I suddenly realize Aloha is shrieking underneath me. Has she been shot? Please, God, no. I tilt myself as best I can to let Aloha squirm out from underneath me. She scrambles to my side on the asphalt. She’s screaming hysterically.
“Are you hurt?” I choke out.
But she doesn’t answer me. She’s shrieking for an ambulance.
Does she want it for me... or for her?
Her hands are slathered in blood. Is that mine or hers?
“Are you hurt?” I choke out again, but I can barely get the words out.
I can’t breathe.
“I’m not hurt,” Aloha gasps out. “Oh, God, Zander!”
Relief floods me. Yes, I admit it’s less than ideal that the blood all over Aloha’s hands came out of me. But better me than her. At the end of the day—and it looks like this might be the end of my very last day—all that matters to me is that Aloha is safe.
Aloha is safe.
I can go now.
My eyes flutter closed.
Darkness descends.
“No!” Aloha shrieks. She grips
my hand hard, jolting me back to consciousness, just for a second. Just long enough for me to hear her scream, “I love you! Zander, no, don’t close your eyes! Don’t go! I love you! You’re my everything!”

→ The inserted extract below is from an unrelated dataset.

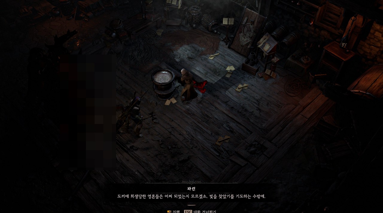 도착하면 파린이 맞이해 줍니다. 이목을 끌기 전에 빨리 움직이자고 이야기하고는 자신의 서재로 들어갑니다. 서재는 인스턴트 던전 형식으로 바로 뒤쪽에 팝업이 됩니다.

Somewhere my brain registers the happy thought that Aloha just now used the magic words—and she was talking to me. I must admit that makes me happier than I ever thought it would. I genuinely thought I didn’t need to hear those words from her, but now that I have, I realize I did. Just once. And now my life is complete. I got the best going-away gift from my wife possible, and now it’s time to go.
There’s only darkness now.
I can’t hear anything happening around me anymore. Is there anything else anymore, but this serenity? This love I feel for Aloha? Because that’s all I can feel. Love. Well, that, and the life force seeping out of me. No, flooding out of me, actually. Wow. I think I can actually feel my heartbeat slowing down. Thump, thump... thump...
Thump.
I wish I could open my eyes so I could see Aloha’s beautiful face one last time. I wish I could speak so I could say, “I love you, too. Now, don’t be scared. You got this, baby. Be brave, Aloha. Be you and be brave.” That’s what I’d say to my wife if I could. And if, by some miracle, I could say a little bit more, I’d also tell her I’m at peace. That this is exactly how I’d want to go out. Protecting her. If I could speak, I’d tell her that, if given the chance, I’d do exactly what I just did a hundred times out of a hundred. With no regrets. Because she was my reason for living. In fact, now that I’m here, I’m positive I fell in love with her in the primordial goop eons ago, and only arrived on earth in my present form when it was time for me to get on track to do what I just did... because she’s my destiny. My primordial destiny.
But before I can open my eyes to behold my wife’s emerald green eyes one last time or get a single word out… not even a simple “love”… I feel the last drop of life force trickle out of me… and my heart thump one last whisper of a time… Visions of Aloha, Peenie, Mom, and Zahara flicker weakly across my brain like static on a walkie talkie. And then the world, and my mind, fade to black.